Конечно, я мог бы приказать, чтобы сюда принесли снег и лед, как сделал в свое время профессор Кант для сохранения трупа адвоката Тифферха с намерением предоставить его в распоряжение доктора Вигилантиуса. Но степень распада этого трупа была слишком велика, и никакие усилия по его сохранению уже не имели смысла.

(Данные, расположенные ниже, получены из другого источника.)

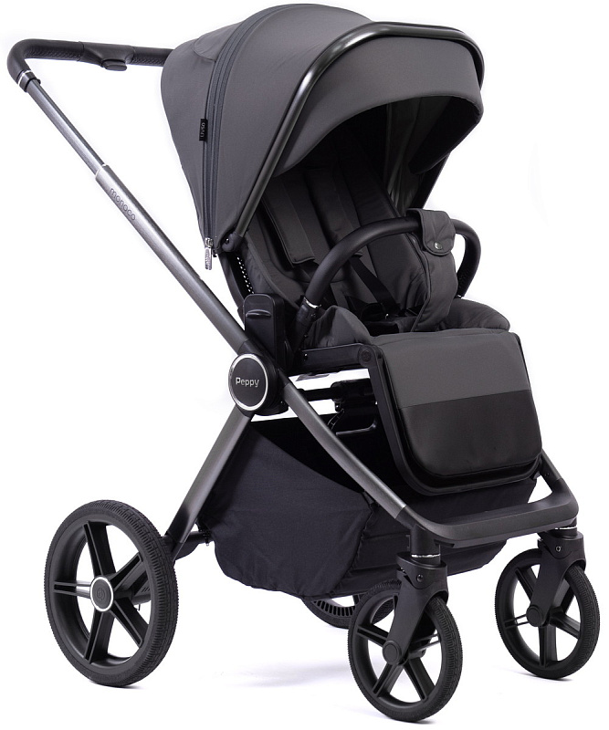 Детская коляска Peppy Monaco 3 в 1 с автокреслом Rise Black Antrazit (графитовый), рама серая
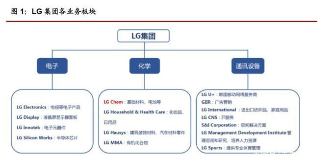 LG 集團(tuán)于 1947 年成立于韓國(guó)首爾,是領(lǐng)導(dǎo)世界產(chǎn)業(yè)發(fā)展的國(guó)際性企業(yè)集團(tuán),現(xiàn) 為僅次于三星集團(tuán)的韓國(guó)第二大跨國(guó)企業(yè)。LG 集團(tuán)在 171 個(gè)國(guó)家與地區(qū)建立了 300 多家海外辦事機(jī)構(gòu),集團(tuán)旗下共有電子、化學(xué)、電信和通訊設(shè)備三大主要業(yè) 務(wù)領(lǐng)域,旗下有 LG 電子、LG display、LG 化學(xué)、LG 生活健康等子公司。
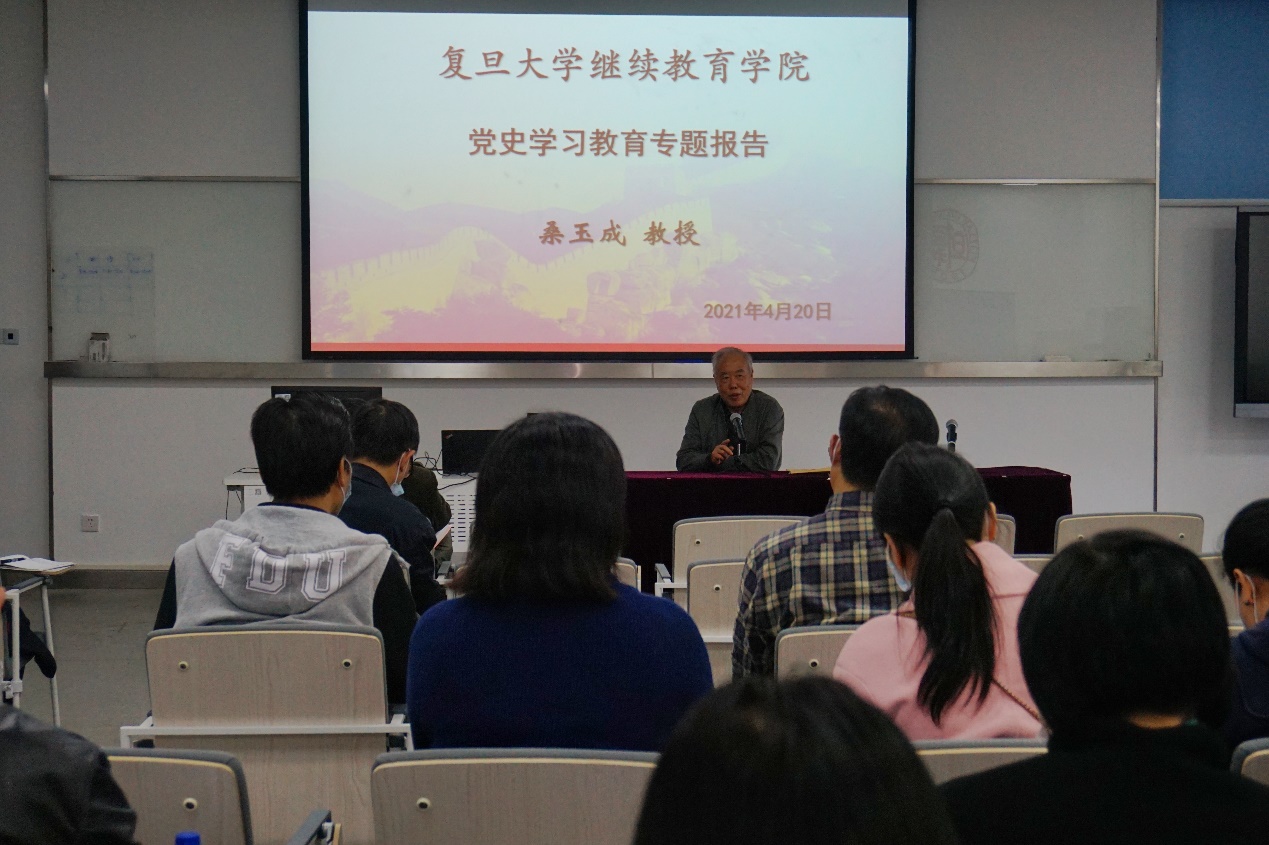 4月20日下午,继续教育学院邀请校党史专家宣讲团成员、国际关系与公共事务学院桑玉成教授来学院作党史学习教育专题报告,学院全体教职工参加,学院总支书记聂叶主持本次报告会。

— Прежде чем вы отправитесь к врачу, — обратился я к Штадтсхену, — вы можете оказать услугу не столько мне, сколько самому себе.

— Сударь?

— Вам ведь известно, что вы нарушили приказ, Штадтсхен?

Он затаил дыхание, ожидая продолжения.

— Я должен упомянуть о вашем самовольном решении перенести останки в докладе его величеству, — произнес я, внимательно наблюдая за его реакцией. — Но я могу еще изменить свое намерение. Как можно скорее отыщите фрау Лямпе и приведите ее сюда. Женщина живет в пригороде — Белефесте. Она приходила ко мне сегодня утром с заявлением об исчезновении мужа. Сомневаюсь, что она сможет сообщить нам что-то определенное, однако наш долг требует предоставить ей такую возможность, прежде чем останки будут преданы земле. Сделайте все, что от вас зависит…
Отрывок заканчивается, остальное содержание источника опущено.